Why I'm not that interested in deep learning
The reply by “nv-vn” here reminds me of how we’ve lost track about the original purpose of AI. We’ve lost track so much that we now stick a ‘G’ it the middle.
A lot of the comments here seem to focus only on the progress we’ve made rather than what AI should be (if it was true to the name). With “AI”, sure I can tell Siri to send a certain email to a certain person. That’s pretty damn impressive when I think back to what was possible only a few years earlier. But it’s not intelligent. Nowhere near. And honestly, it doesn’t save you that much work. It just performs some preprogrammed tasks given some unambiguous input that follows a regular pattern. And even that trips up Siri a ton. Yes, it’s cool that you can identify pictures or have a program read your handwriting, but none of that gets us any closer to a program that behaves like a human when I tell it to do something (instead of sending an email or text that I specify, it could draft one on its own; instead of showing me a Wikipedia article when I ask what something is it should explain to me in layman’s terms and give me a summary).

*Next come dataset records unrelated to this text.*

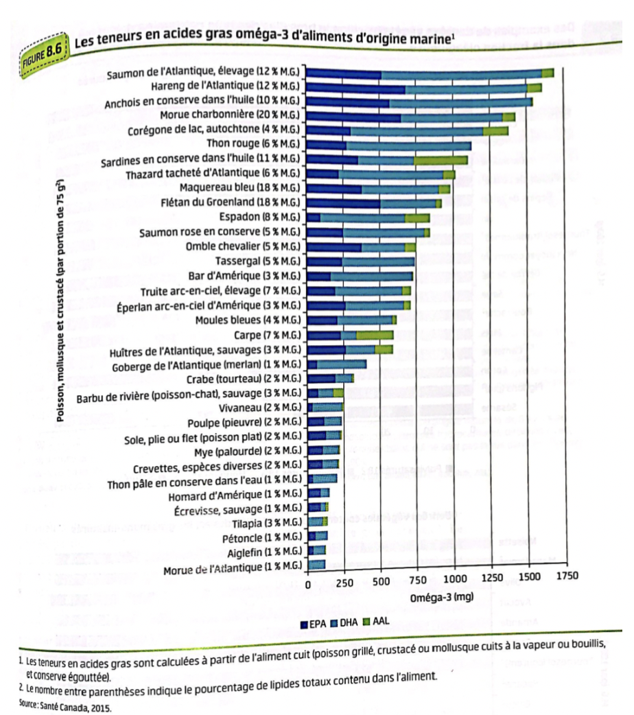 Teneur en a.g Oméga 3 d’aiments d’origine de la mer - Graphique
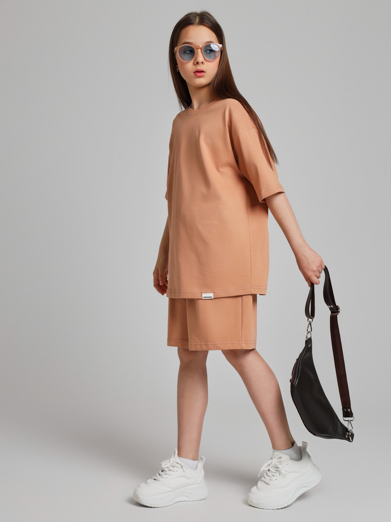 Костюм для девочки из плотного гладкокрашеного трикотажного полотна "кулирка", состоящий из футболки и шорт. Футболка - свободного покроя, с удлиненными плечевым и швами, короткими втачными рукавами и горловиной овальной формы, обработанной втачной планкой. В нижней части переда слева настрочен декоративный элемент прямоугольной формы. По горловине проложена отделочная строчка. Шорты - классического покроя, на притачном поясе с эластичной тесьмой внутри и карманами в боковых швах. Для регулирования степени прилегания шорт по талии в пояс вставлен шнурок, продетый через два отверстия в соединительных швах в центре пояса.
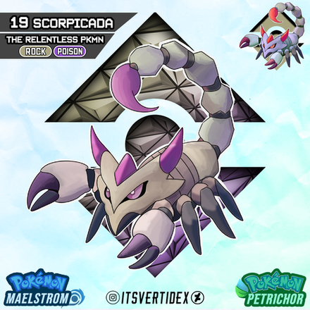 Meet Mortedra, the stinger pokemon of the Suldana Region!Mortedra's most distinctive feature is its segmented tail, which is adorned with sharp, jagged rocks. The tail serves a dual purpose - not only as a formidable weapon in battles but also as a reservoir for its toxic venom. The toxins produced by Mortedra's venom are highly corrosive, making it a dangerous adversary for both trainers and other Pokémon.
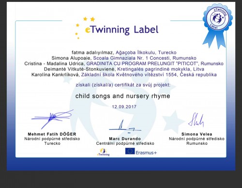 Třída 5.A je součástí evropského projektu ,,Child songs and nursery rhymes’’ , kde společně s dalšími školami sdílí písně ze svých zemí. Žáci se učí písně v jiném jazyku a následně společně sdílí své dovednosti. Díky projektu poznají nové kultury, zjišťují, že stejné melodie můžou mít jiný text, a že náš jazyk může být pro ostatní těžší, než se zdá. Vše je pod záštitou eTwinning.net, Erasmus+ a Evropské unie video1 Turkish song - 5.A zpívá turecky, video2 What’s Your Favorite Turkish Word?
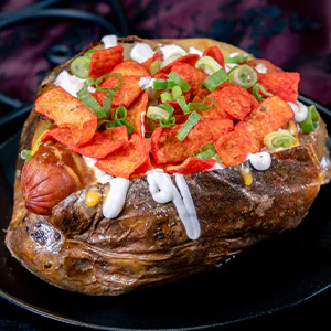 Baked Potato, All-Beef Hot Dog, Spicy Chili, Cheese Sauce, Sour Cream, Green Onion and Spicy Corn Chips
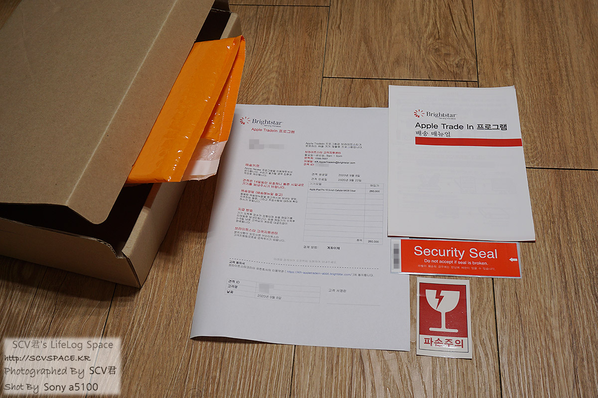 동의서나 안내서, 기기 포장용 완충봉투, 스티커(박스 밀봉 혹은 주의표시용) 정도가 들어있습니다.
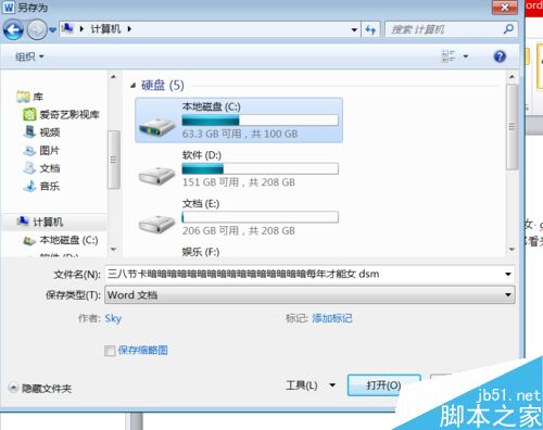 4、第四步是,在这个页面的找到要把文档保存的位置,比如D盘,桌面等。同时也可以修改相关的文件名。
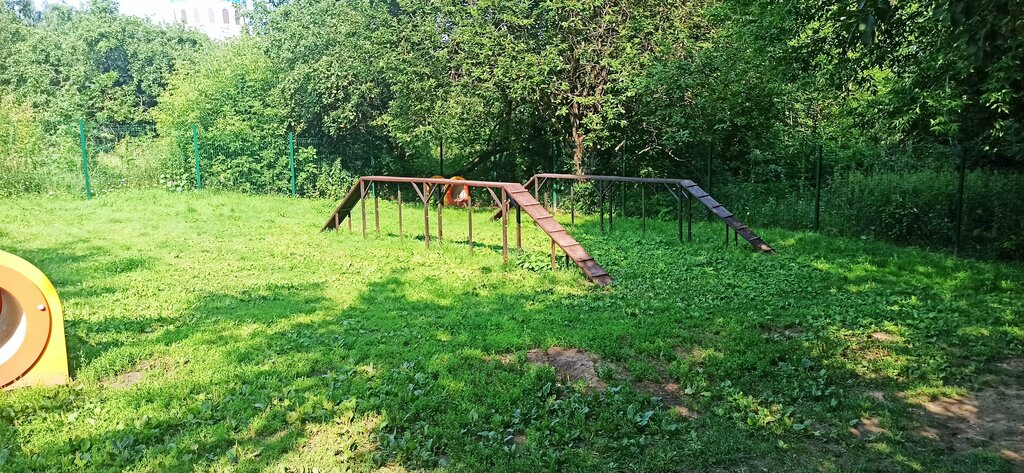 Площадка находится под наклоном, что может быть опасно для собак. Препятсвия отличные! Но у одного из бумов не хватает нескольких ступенек. Так же присутствует люк, который торчит из земли, это может быть небезопасно. Сама площадка чистая, тихая, покрытие травяное. В целом, неплохо)
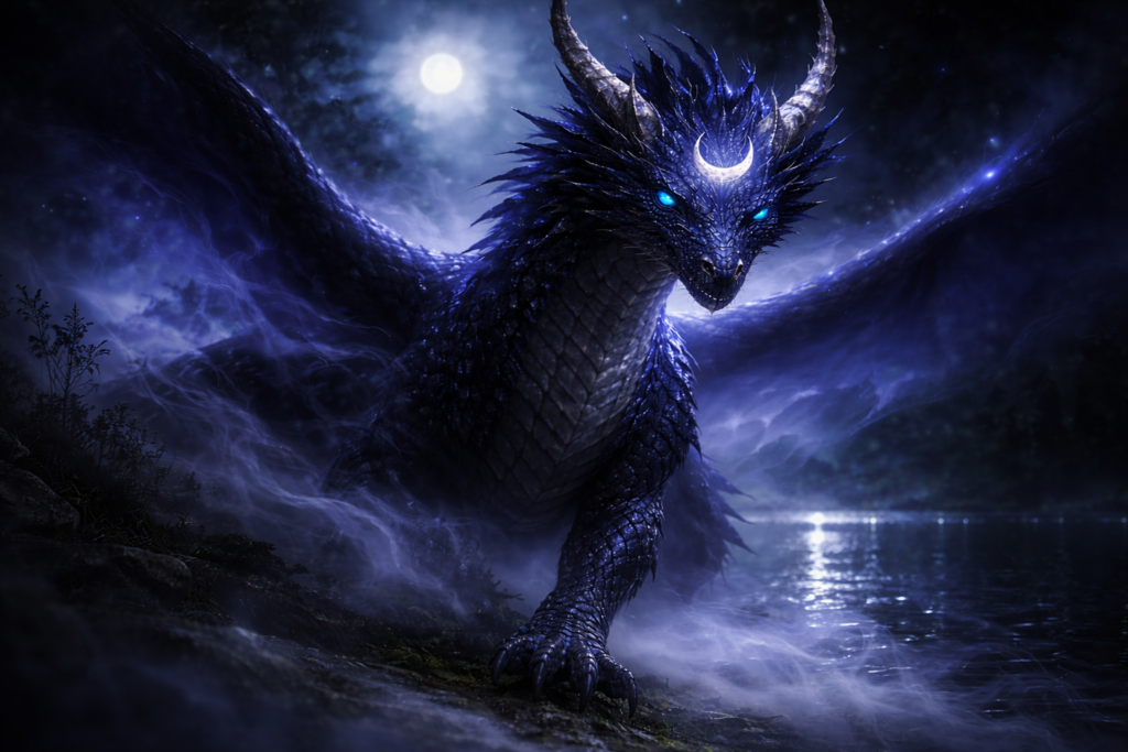 Belíssimo dragão azul-marinho escuro, olhos de cor azul ciano e belíssimos chifre chumbo prateado. No centro da testa vejo uma belíssima lua crescente prateada, com suas pontas para cima. Quando se apresenta na matéria física, suas escamas são grossas e muito intensas, podendo ser sentida a energia de seu poderoso fogo de transmutação das sombras do coração.
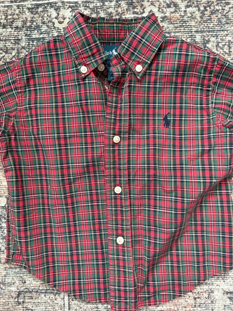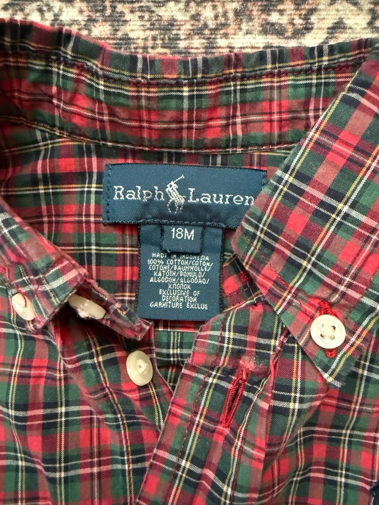 18m Ralph Lauren plaid button down 18m Koala kids plaid button down 24m Wrangler plaid (fits like an 18m) 2t Cherokee brown cargo style pants All in great condition.
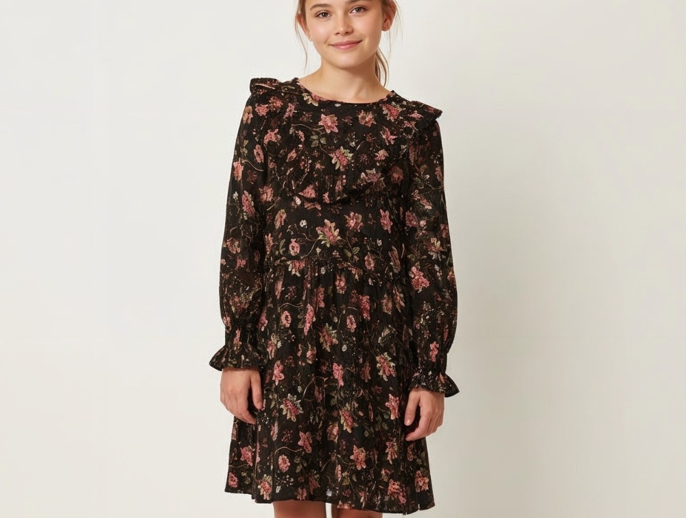 Langærmet sort kjole med blomsterprint og flæser fra Petit by Sofie Schnoor. Bindebånd i taljen og indvendig underkjole.
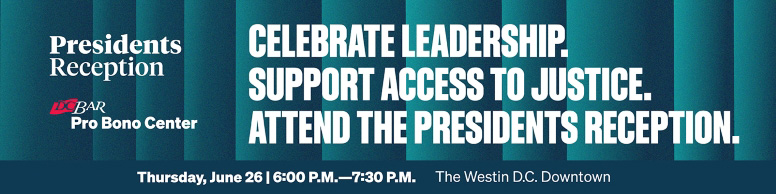 The Presidents Reception is the D.C. Bar Pro Bono Center’s premier annual event that celebrates the incoming President of the D.C. Bar. Funds raised advance critical legal services for District residents who face legal challenges without the means to afford an attorney. Join leaders from across the legal community for an open-bar cocktail reception, networking opportunities, and brief celebratory remarks.
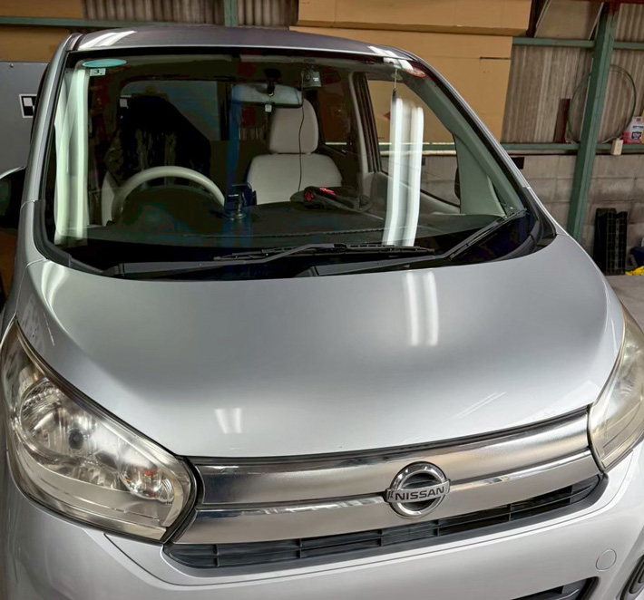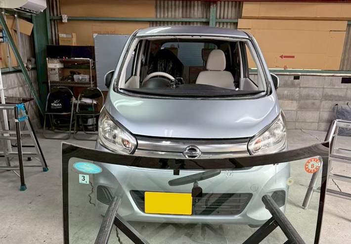 自動車ガラス交換、日産 デイズ フロントガラス交換(輸入ガラス)施工で入庫。
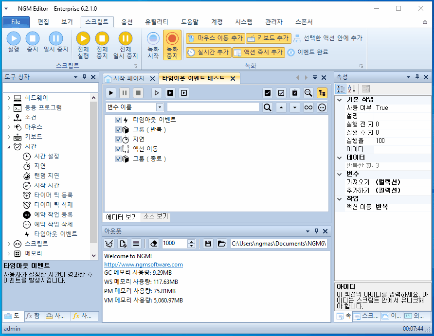 "예약 작업 이벤트"의 "액션 이동 아이디" 속성은 종료 그룹으로 선택 해줍니다. 사용자가 설정한 시간이 경과하면 이벤트가 발생되고, "종료" 아이디를 가진 마지막 그룹 액션으로 이동합니다. 그리고, 1초 지연 후 다시 반복으로 이동합니다. 이 액션은 직접 테스트 해보면 결과를 확인할 수 있습니다. 아래 동영상처럼 크론탭 속성에 "*/5 * * * * *" 스케줄러를 설정하고 실행 해보세요. 크론탭에 설정한 값의 의미는 매 분 5, 10, 15, 20, 25, 30, 35, 40, 45, 50, 55, 60초에 이벤트를 발생시킨다는 뜻입니다.

AI is impressive in terms of progress, but is it really impressive in terms of what it promises to bring? Is it really even progressing in the right direction? Personally, I don’t think so.
When working on hard problems, lots of spinoffs and interesting things happen, and it is easy to lose track about what it is we are trying to achieve in the first place. Personally, I’m interested in solving AGI (or, more realistically, trying to). And doing so requires the following: learning to program, learning maths, information theory, probability theory, machine learning… Because talent in any of these domains is scarce, continuing to pursue the original goal means saying no to a lot of opportunities along the way.
That is why I’m not that interested in deep learning: it’s a highly valuable skill and achieves state-of-the-art performance on many tasks, but ultimately, it’s not much more that machine perception. To solve AGI, we will need more than that.